Herman took a long look behind him at the row of houses. They seemed too quiet, still, and dark. What if Peter Reynolds had been busy over the last day or two, and there were now a dozen mounds of raw earth at the foot of the backyard dogwood? Mrs. Breedlove’s legs tangled in the roots, the Pilkingtons with dirt in their lungs?
He stepped inside, surprised at how bright and neat the room was. He’d expected it to be dank and furnished with heavy vinyl pieces, the way it had been when Ned and Eileen lived here. But the hippie must have watched a few home improvement shows. The carpet was plush and the color of gunsmoke, the window treatments were light gray, and the trim was painted in white semi-gloss, giving the room the sort of forced order you’d expect in an FBI office or a doctor’s waiting room. A computer sat on a bleached oak desk, and the rest of the furniture was arranged around it. Herman peeked into the kitchen and didn’t see a single dirty dish.
“Have a seat,” Peter Reynolds said, motioning toward the couch. It looked like a regular-guy sort of couch, the kind where you could prop your feet on the arm rest and balance a bowl of chips on the back cushions, scratch your balls if you felt like it.
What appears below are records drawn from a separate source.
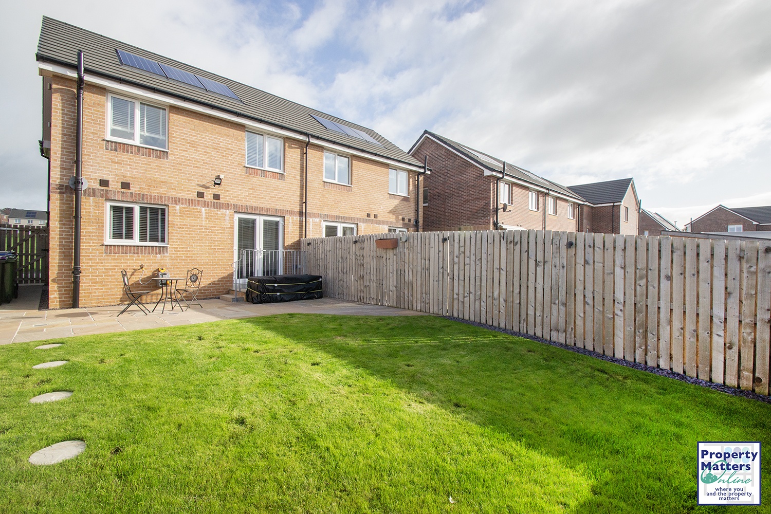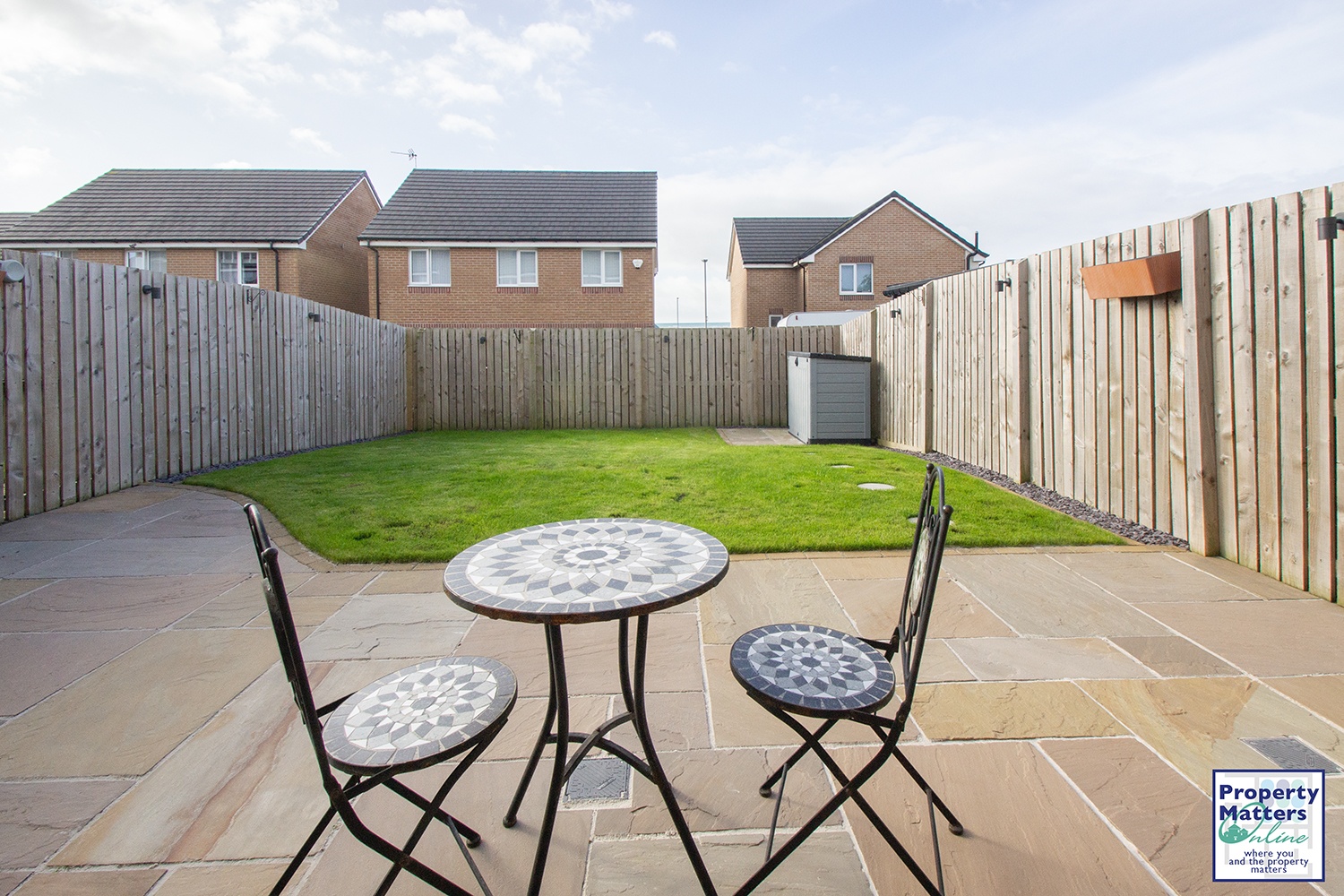 Externally, the front garden is laid to lawn with a path leading to the front door, as well as around the side of the property. There are two allocated parking spaces. To the rear, the private garden is South facing and is designed for ease of maintenance, featuring a slabbed patio area, decorative gravel borders, and a lawn, a perfect space for both relaxing and entertaining.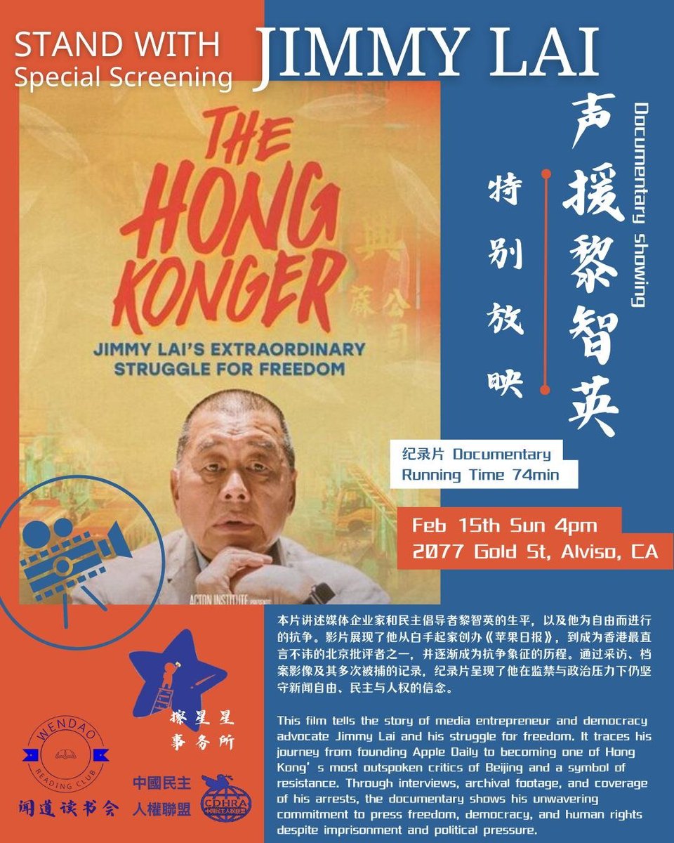 本周日邀请大家参加特别放映:纪录片 The Hongkonger《香港人》一起了解黎智英, 本片讲述黎智英(Jimmy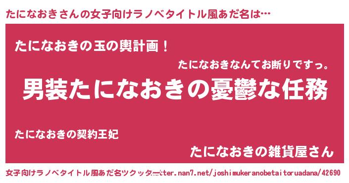 | 男性向けラノベタイトル風あだ名 | 『うちのたになおきが世界を掌握している!』 |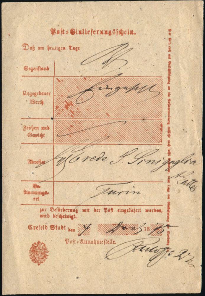 7044 | 18 € | 4150 Krefeld allgem. Belege, Tages-, Sonder- u. Maschinenstempel etc. : Krefeld 1875 (4.12.) Post-Einlieferungsschein Ortsdruck: Crefeld Stadt (Adler) für Auslands-Sendung n. Turin! | ![]() | |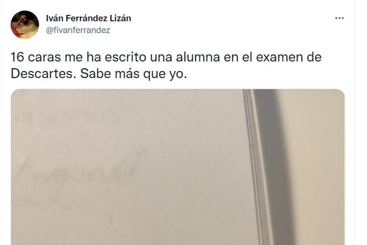 “16 caras me ha escrito una alumna en el examen de Descartes. Sabe más que yo”, ha escrito Ferrández, junto a una imagen de la última cara numerada. Además, ha detallado en otro tuit que lo hizo todo en una hora y media.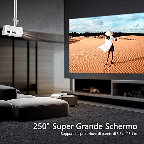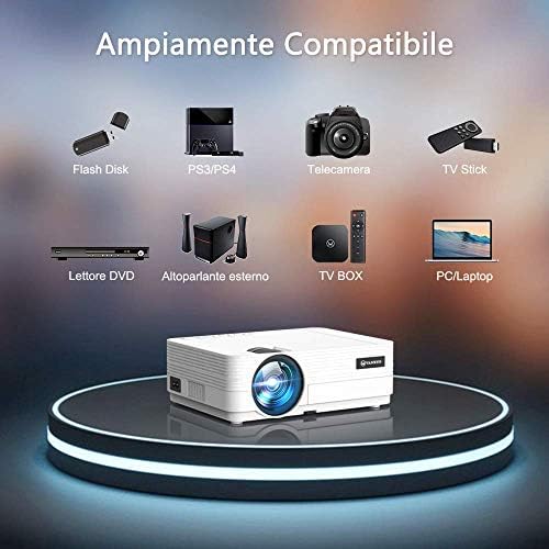Comencemos ofreciéndole un proyector que es capaz, aunque muy barato, de soportar contenidos de vídeo hasta Full HD, proyectando en la pared con una resolución de 840 x 480. Con un brillo de 1200 lúmenes, puede mostrar imágenes tanto en la oscuridad como en una habitación perfectamente oscurecida, no tendrá problemas particulares de brillo a menos que ilumine la habitación con una lámpara de araña o la luz del día.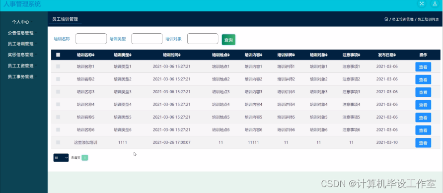 本系统的使用可以实现本人事管理系统管理的信息化,可以方便管理员进行更加方便快捷的管理。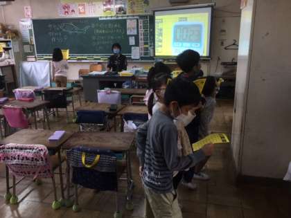 算数です。かけ算を大きな声で覚えます。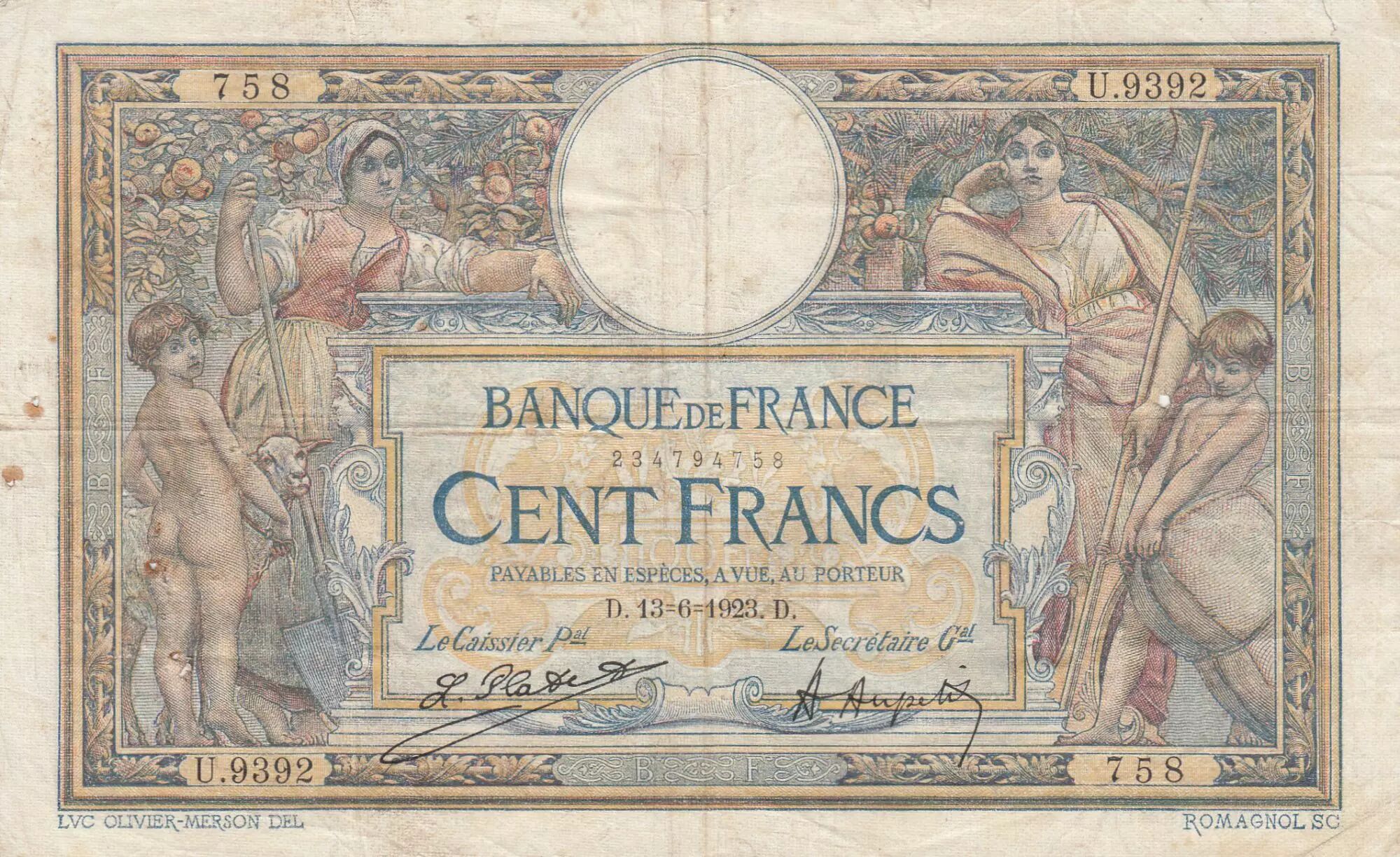 Home > French Banknotes > Bank of France Banknotes > 100 Francs Banknotes > Luc Olivier Merson Type 1906 (1908-1939) > France 100 Francs Women and childs - 13-06-1923 Serial U.9392 - F to VF

Watch the Panthers whoop up on the 49ers. Except the hippie didn’t have a TV. All he had was the computer.
Herman sat, uncomfortable, wondering if dried mud filled the cracks on the bottoms of his shoes.
“You heard about Tennessee,” Peter Reynolds said.
“Did you kil
l her?”
“I’m surprised you’d ask something like that. I would have taken you for a man who minded his own business.”
“Did you bury her like you did the cat?”
“You should worry about your own problems instead of going around being suspicious of everybody.”
“I don’t have no problems.”
“That you’ll admit, anyway.”
“No worries nothing.”
“You’re old and alone and it’s slipping away. The last thing you have left to fight for is that patch of grass up there”—Peter Reynolds waved at the dark window in the direction of Herman’s house—”and a picket fence. And it’s getting harder to keep that fence standing straight, isn’t it? The winds keep coming, a little stronger every year, the snow leans on it, the neighborhood kids get a little bigger and bolder, and a fence starts looking like a dare instead of a warning. Yes, Mr. Weeks, I understand fences. I’m territorial myself.”
The hippie’s gray eyes, which were the same color as the carpet, seemed far too old. “All I want is a place to spread out, a yard for my dog to dig in, a roof over my head, and no barbarians at the gate.”
“Barbarians at the gate,” Herman repeated, as if he had the slightest idea what the hippie was going on about. He had a fleeting image of one of those old chariot movies, where the Romans were always punished because of nailing Jesus to the cross. You never saw John Wayne in a toga, that was for sure. Charlton Heston, maybe, but that was a different nut altogether.
“I’m a loner like you,” Peter Reynolds went on, standing across the room even though his guest was sitting. “I take care of what’s mine. That’s why I was so upset when I saw you had fixed my leaning fence post. It was an insult, you see.”